So why does anyone trust the trend line?
Because the within-person signal is a different beast entirely.
Even when absolute values are biased, the watch’s estimate tends to move up and down in lockstep with the reference standard. Intraclass correlation coefficients above 0.80 have been reported for Apple Watch and Garmin in specific clinical populations, including congenital heart disease patients. Pearson correlations in the 0.6–0.9 range against CPET show up across most validation studies, even when bias is severe.
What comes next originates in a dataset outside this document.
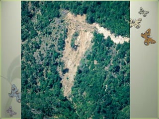 This document discusses slope processes and development. It defines key slope concepts like regolith, bedrock, and soil blankets. It describes three common slope shapes: convex, concave, and rectilinear. Factors that influence slope formation are also outlined, including climate, geology, regolith properties, and vegetation. Mechanisms of slope failure are then explained through concepts of shear strength, gravitational forces, angle of repose, and dynamic equilibrium.
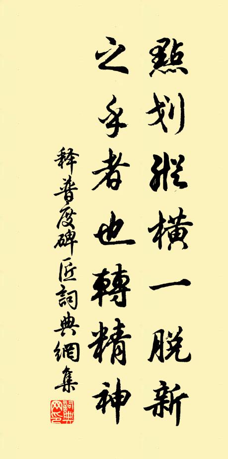 古詩文歷史字典書法欣賞書法字典國語詞典說文解字康熙字典古漢語字典點劃縱橫一脫新,之乎者也轉精神釋普度 《碑匠》名句出處出自宋代釋普度的《碑匠》全文:點劃縱橫一脫新,之乎者也轉精神。只於黑白分明處,驗尺尋行數墨人。釋普度詩詞大全名句書法欣賞點劃縱橫一脫新,之乎者也轉精神書法作品釋普度名句,碑匠名句名句推薦感事傷春多少意,星星漸入鬢中來尹洙《和河東施待制二首》其一最先達,進為國大臣吳芾《聞同庚不幸有感》用舍如公都耐毛滂《清平樂》白雲之下,通化之鄉黃公槐《北堂》瀑雨霏霏濕翠嵐,來從天半許誰探喻良能《題五泄瀑布四首》且安懷抱莫惆悵,瑤瑟調高尊酒深羅鄴《落第書懷寄友人》回思燈火書窗下,僂指如今六十年董居誼《戚姑山》苦霧霏霏著彩旗,猶排吉仗雜凶儀歐陽修《續作永昭陵輓詞五首》午後喧傳曰:“今年暗漲潮張岱《白洋潮》禮樂新封魯趙善括《菩薩蠻(上嗣王生日)》地厭焚惔極,天回顧盼中黃庭堅《次韻曾都曹喜雨》閒眠與閒防,暇字匪二義方回《寄題朱信州自閒堂》月明半夜五更時謝應芳《一翦梅》咿嘔似欲指之無,燁燁眼光如點漆陳著《丙戌二月廿五日梅山弟為孫試周遂賦》千年百尺鳳凰台,送盡潮回鳳不回楊萬里《登鳳凰台》詩詞推薦滁上間日陰晴聯句刁繹〔宋代〕陰晴淮海氣何殊,一昔風光互慘舒。大塊養春裨造化,繁雲間日蔽居諸。暖回沙磧催來雁,寒徹冰池怯上魚。山色頌古九首釋思岳〔宋代〕無根樹子一株,山翁不費誅鋤。鎚碎千年桃核,不須緣木求魚。句釋曉瑩〔宋代〕回看蒼木杪。卜運算元陳瓘〔宋代〕身如一葉舟,萬事潮頭起。水長船高一任伊,來往洪濤里。潮落又潮生,今古長如此。後夜開尊獨酌時,月滿人千書徐經坂先志陳杰〔宋代〕青霞余絢皆成章,虎變龍匿超故常。異時欣然讀奇崛,觸眼慘澹令人傷。矢心為詞血為筆,沈恨欲拆天茫茫。波瀾適意王安石〔宋代〕一燈相伴十餘年,舊事陳言知幾編。到了不如無累後,困來顛倒枕書眠。游清都觀尋沈道士得清字許敬宗〔唐代〕幽人蹈箕潁,方士訪蓬瀛。豈若逢真氣,齊契體無名。既詮眾妙理,聊暢遠遊情。縱心馳貝闕,怡神想玉京。或命入城似吳竹溪陳著〔宋代〕投眠方丈室,為趁午潮差。父執子愛我,客身心是家。夜床安紙帳,曉枕夢梅花。早作臨溪別,此情天共涯。次韻山中見寄林景熙〔宋代〕物外高棲豈好奇,愛涼坐到雨來時。四愁歲月空平子,三樂乾坤自啟期。晉代諸賢曲水會,鎬京遺澤變風詩。世交十暑朱繼芳〔宋代〕十暑江湖客,塵緇白苧衫。人沿沙島路,風卷海門帆。帶雨廚煙重,通潮井脈鹹。家書言不盡,重拆又重緘。

Mechanically, this makes sense. The algorithms behind these estimates — Firstbeat for Garmin, Apple’s proprietary model, similar approaches at Fitbit and Whoop — are mostly inferring VO2max from the heart rate response to a given workload during outdoor activity. The absolute calibration is fragile because it leans on demographic priors, assumed maximum heart rates, and assumptions about effort. But the delta — how your heart rate response to running 10 km/h changes over six weeks of training — is a real physiological signal the watch can actually pick up.
That’s why the same device can be useless for risk stratification and useful for tracking. It’s measuring the right thing in the wrong units.
What this means for three different audiences
For clinicians, the implication is direct: a single VO2max readout from a consumer wearable should not be used to stratify cardiovascular risk, screen for poor cardiorespiratory fitness, or replace a CPET in any decision that actually matters. The bias is too large and too systematic to ignore, and the people whose readings are most wrong are precisely the people most likely to be in a clinical pathway — those at the extremes of fitness.
For researchers running observational or epidemiological work, wearable VO2max can be a reasonable change-score variable in a longitudinal design, particularly when participants serve as their own controls. As an outcome at a single time point compared between groups, it carries a confounding structure that’s hard to disentangle from the underlying demographic equations baked into the algorithm.
For users, the practical guidance is the one most often missed: ignore the absolute number, watch the trajectory. If your estimate climbed three points over a training block, you almost certainly got fitter. If it sits at 47 instead of the 51 you think you deserve, that gap tells you very little. The watch is a decent personal trainer and a poor diagnostician.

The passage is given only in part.